Of course, the "common reader" will not be able to decide where the truth ultimately lies. One thing is for sure, though, O'Rawe's account is honest, direct and - by raising that most difficult issue - deeply disturbing.
having read his follow up book AFTERLIVES and reading how he has been vindicated by former blanketmen in the h blocks during the same period as blanketmen covers i have no doubt that this book is the real truth about what happened during the second hunger strike and how the last five hunger strikers died for nothing else but for the five that went before them and the rise of sinn fein in politics in ulster.
the recent disclosure of offical goverment papers has also lent great weight to o`rawes book and as a loyalist from west belfast who lived through this period i know what personnal courage it must have taken him to write this book and to let the world know the real truth about these brave mens death
His vision of the nightmare of the Blocks is well written and convincing.What he has to say about the direction of the hunger strikes is even more so,and partially confirmed by documents published by the British goverment after the original publication.

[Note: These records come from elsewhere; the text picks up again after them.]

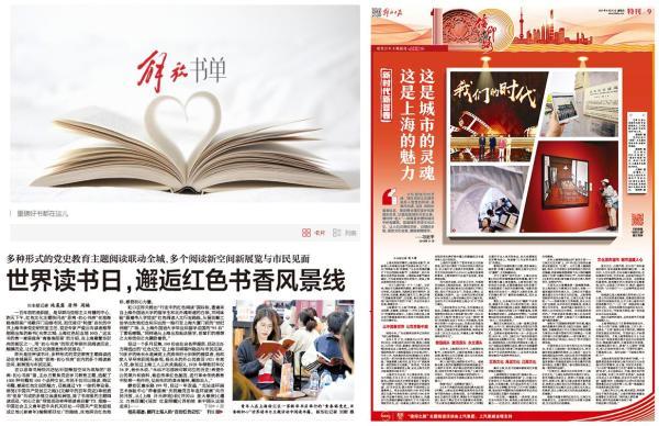弘扬中华优秀传统文化,持续关注红色文化、非遗传承、文博考古等重大事件,推出一批有特色、有品质、传播广泛的内容精品和文化品牌。“解放书单”等系列文化特色项目,展现“价值、高度、前沿”,助推优秀文化活态传承。《世界读书日,邂逅红色书香风景线》《翻开上海人的“百份红色记忆”》等作品,展现品牌文化魅力。《这是上海的魅力 这是城市的灵魂》、“用好红色文化、江南文化资源大家谈”等系列深度报道,聚焦上海文化和城市精神,推动文化创新发展。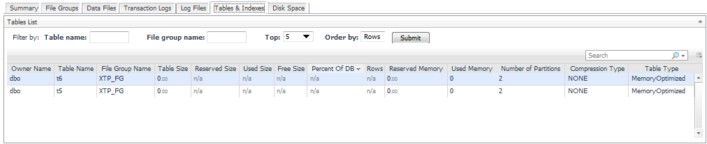 Monitoring tables — using the Tables & Indexes pane, which displays statistics for all tables and indexes in the selected databases (by default, 50 rows are displayed); see Monitoring Tables and Indexes. |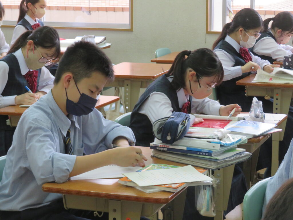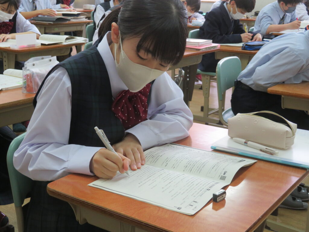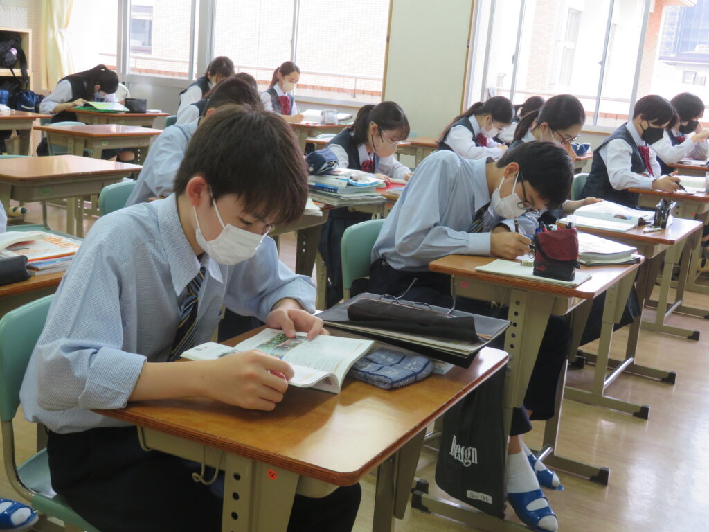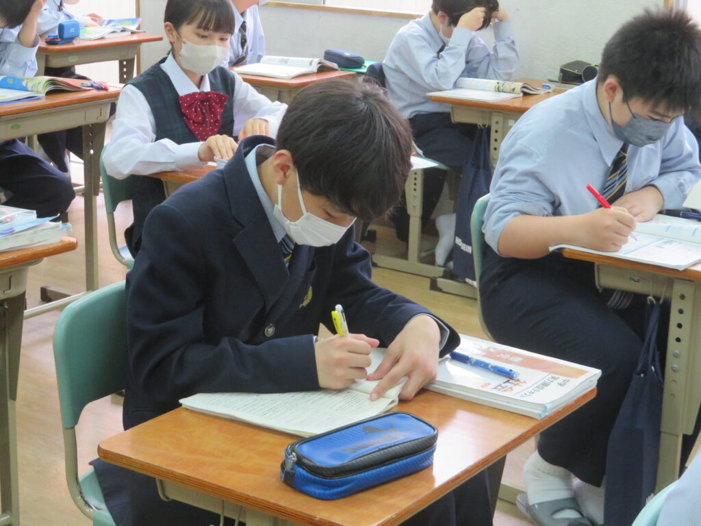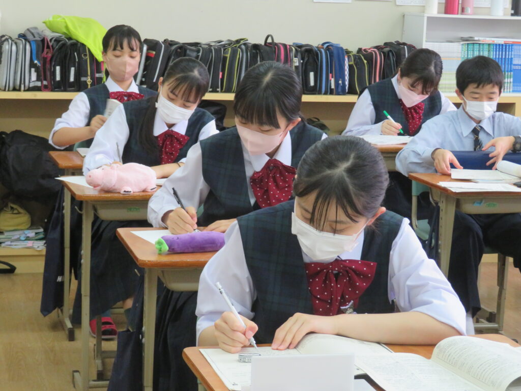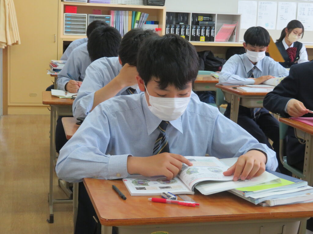 明日行われる教科の対策を黙々と行っていました。授業で「教えてもらう」だけが勉強ではなく、自分から学んでいくことも大切です。分からないところや疑問に思ったことを自分から進んで調べ、学んでいく姿勢を身に付けてほしいなと思います。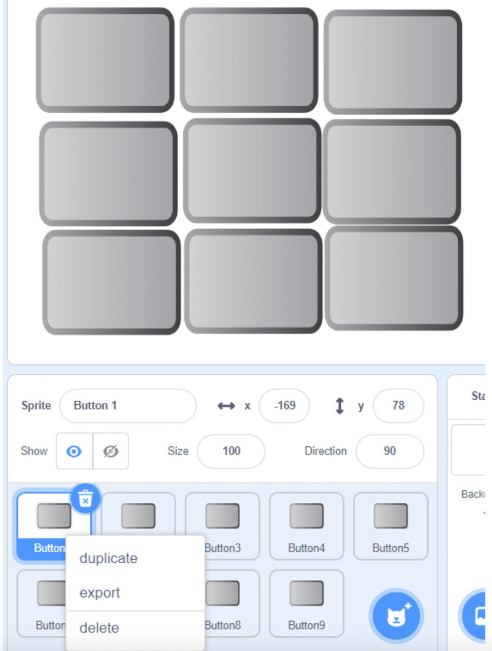 Để tạo ra 8 ô vuông còn lại, bạn chỉ cần nhấp chuột phải vào Sprite Button ban đầu và chọn "Duplicate". Lặp lại thao tác này cho đến khi có đủ 8 bản sao. Tiếp theo, sắp xếp chín ô vuông này thành một lưới 3x3, tạo thành bàn cờ caro hoàn chỉnh.

Put simply,O'Rawe argues that the prisoners on hunger strike were offered a deal by the British after the fourth hunger strike death in the summer of 1981.the deal was asa good as it was going to be,and the prisoners knew that the alternative was the converyor belt of dead hunger strikers continuing.He argues that the leadership outside the prison vetoed the deal and six more prisoners died before more or less the same deal was accepted in October 1981.
Why?Well,the hunger strikes had tapped into a vein of republicanism that expressed itself in voting,obvious examples being Bobby Sands and two prisoners elected to the Irish Dail.the by-election to replace Sands was in August,so if the hunger strikes were ongoing,it gave a republican a very good chance of election. 6 dead prisoners for a real live MP? Politics is not a sentimental business.
No wonder O'Rawe was subject to such hostility.On the other hand,the truth is frequently painful.